This week saw a couple of high-flying digital automation suppliers move back into more realistic pricing levels. On Tuesday DotDigital (DOTD) announced their preliminary results for the year to June. The share price fell sharply on the day and is now down over 25%, possibly prompted by negative comments on Stockopedia.
I won’t go into detail on the issues because this blog post would otherwise be a very long one. But I did attend the results presentation on the Investor Meet Company platform this morning when some of my questions, and others, were covered.
One question raised was about the reporting of “discontinued” revenue from the Comapi business. It was stated that this was definitely closed down completely by June this year so won’t appear in future. There was also concern that SMS business was impacting revenue and profits but it was stated that it was not cannibalising email revenue. But SMS business is at lower margins and there was clearly a spike last year in SMS business (if you are signed up for NHS services you will have realised that they are now tending to use that communication channel which I find quite annoying).
There was a good review of the competitive landscape and it seems there is good growth coming via partners with “connectors” such as Magento, Shopify, Big Commerce and MS Dynamics.
In summary my comment would be that I think this is still a fundamentally sound business which can grow some more, but I would prefer to see the accounts presented in a simpler way.

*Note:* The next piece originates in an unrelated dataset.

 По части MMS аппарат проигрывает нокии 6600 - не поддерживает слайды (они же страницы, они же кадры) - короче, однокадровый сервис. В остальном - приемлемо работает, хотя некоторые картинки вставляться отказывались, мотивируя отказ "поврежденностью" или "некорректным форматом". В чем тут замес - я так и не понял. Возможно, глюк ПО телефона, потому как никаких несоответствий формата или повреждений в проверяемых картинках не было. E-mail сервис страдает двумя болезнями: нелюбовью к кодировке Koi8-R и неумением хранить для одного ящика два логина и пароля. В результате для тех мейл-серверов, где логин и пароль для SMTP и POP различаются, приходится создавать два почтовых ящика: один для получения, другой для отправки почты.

However the share price had grown very rapidly in the last year and in my view was overvaluing the business. It’s now at a more realistic level.

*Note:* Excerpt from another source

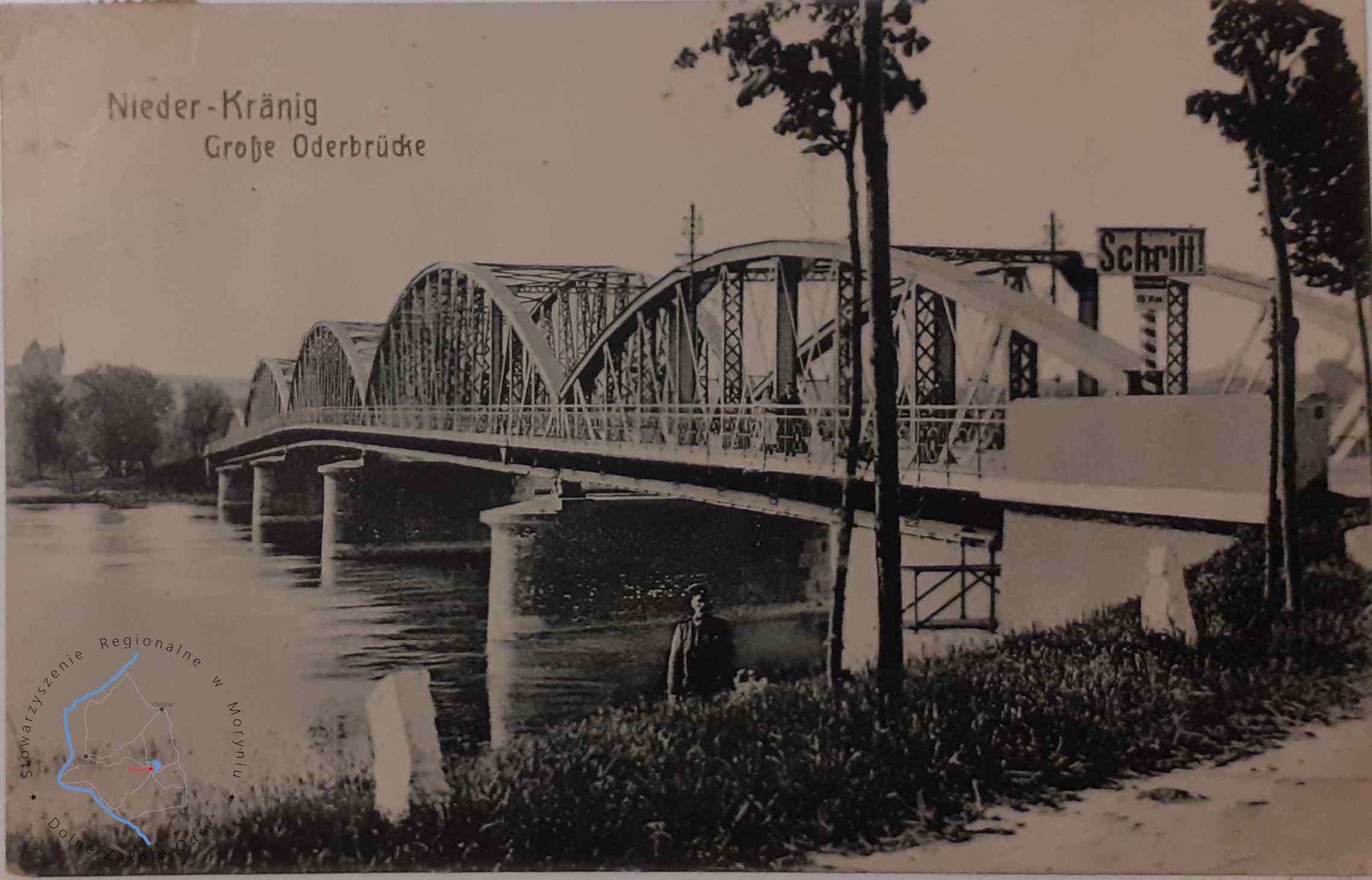 Pocztówka z obiegu, poczta Schwedt 14. 9. 1920Wydawca: Ernst Tierze, Schwedt=Oder.KRAJNIK DOLNY Most na Odrze

The other company whose share price has taken a big knock is GB Group (GBG). Yesterday they announced a share placing at a price of 725p to raise money to enable them to acquire a similar US business. It looks to be a sensible acquisition. But the share price was at a discount of 17% on the market price and involves substantial dilution of existing shareholders.
Again I would suggest that this has reset the share price to a more realistic level. Retail investors may be able to participate via the Primary Bid platform.
As I hold shares in both DotDigital and GB Group, these events have not done wonders for my portfolio valuations but I had been reducing my holding in these companies (top slicing) in recent months as the valuations did seem to be departing from reality. They are now back down to earth.
The Covid epidemic has certainly driven more digitisation of processes which both companies have benefited from but the valuations of such businesses have become strained in my view. Can the growth continue at the same rate in the next couple of years? Perhaps so but that is not certain.
Readers should of course form their own view on the valuations of these businesses and not rely on my comments. But they are both key players in the automation of marketing and financial services so are well placed for the future.